Investors were cautious ahead of the results of the US presidential election Tuesday night, and that staved off large price fluctuations.
US crude stockpiles rose 4.4 million barrels in the week to Nov 4, according to the American Petroleum Institute (API). Analysts polled by Reuters had forecast a build of just 1.3 million barrels.
Inventories of refined products fell sharply, with gasoline down 3.6 million barrels and distillates down 4.3 million, API data showed.
Brent futures edged down 26 cents, or 0.6 per cent, to US$46.04 a barrel at 5.09pm (2200 GMT) US crude was 6 cents, or 0.1 per cent, at US$44.83 per barrel. "It seems we're seeing refinery utilisation pulling back a little here," said Matt Smith, director of commodity research at energy data provider ClipperData.
"The bearishness of the crude number has been tempered by the magnitude of the draws to the products."
API's data came ahead of the US government's Energy Information Administration's (EIA) official inventory data on Wednesday.
Mr Smith said crude prices should move on Wednesday, influenced by the EIA numbers and the US election result.
Most investors believe a victory by Republican candidate Donald Trump over Democrat Hillary Clinton would prompt uncertainty and instability in financial markets.
"Everyone is on hold to see what happens in the election.
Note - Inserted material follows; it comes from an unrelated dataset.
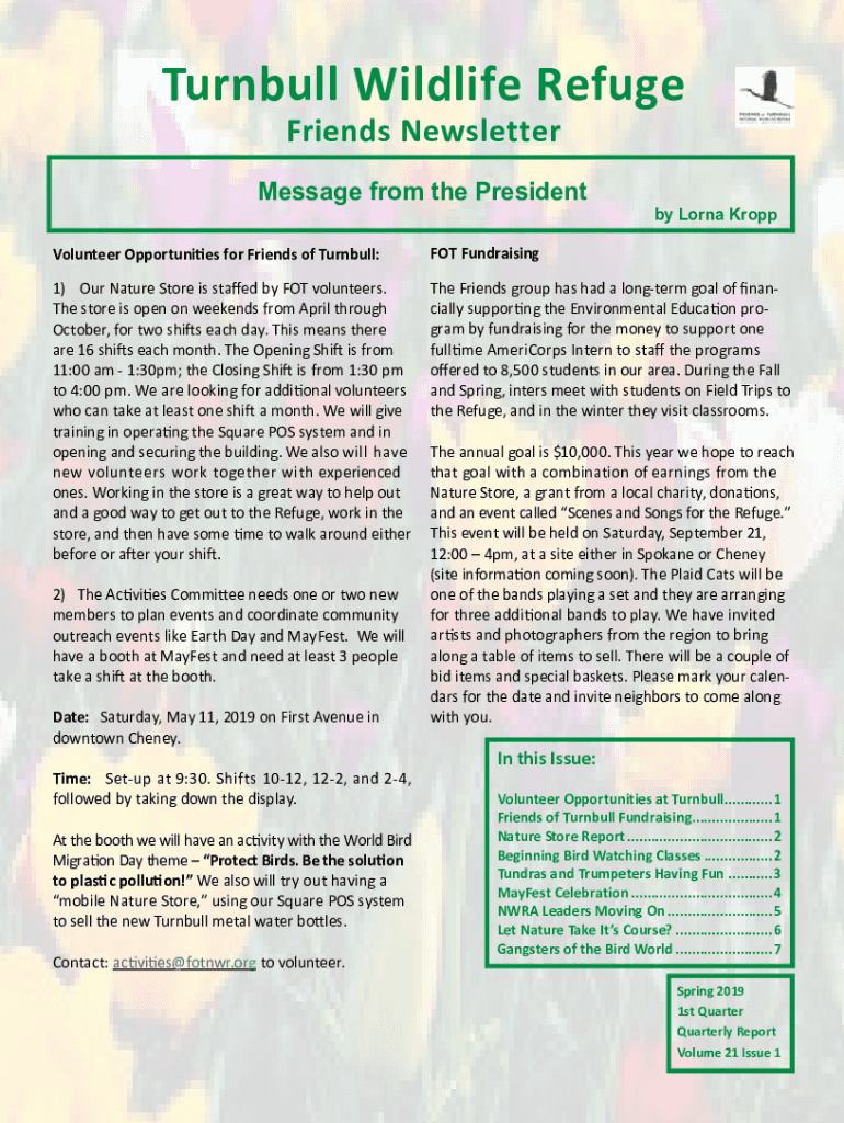 Turnbull Wildlife Refuge Friends NewsletterMessage from the Presidentby Lorna KroppVolunteer Opportunities for Friends of Turnbull:FOT Fundraising1) Our Nature Store is staffed by FOT volunteers.

There was too much uncertainty for the market to develop a clear direction in price," said James Williams, president of energy consultant WTRG Economics in Arkansas.
Brent crude's premium to the US West Texas Intermediate (WTI) futures contract declined on Tuesday to its lowest level in almost five months. Projections of record Opec output put more pressure on Brent than on US crude.
The Organization of the Petroleum Exporting Countries (Opec) forecast demand for its oil will rise in the next three years, suggesting its 2014 decision to let prices fall has boosted its market share.
The group meets on Nov 30 and has pledged to reach a deal on cutting output to boost prices.
But several member states have asked to be exempt from any deal. Along with questions over the likelihood of non-Opec rival Russia joining in, this has created doubt about Opec's ability to deliver a meaningful cut.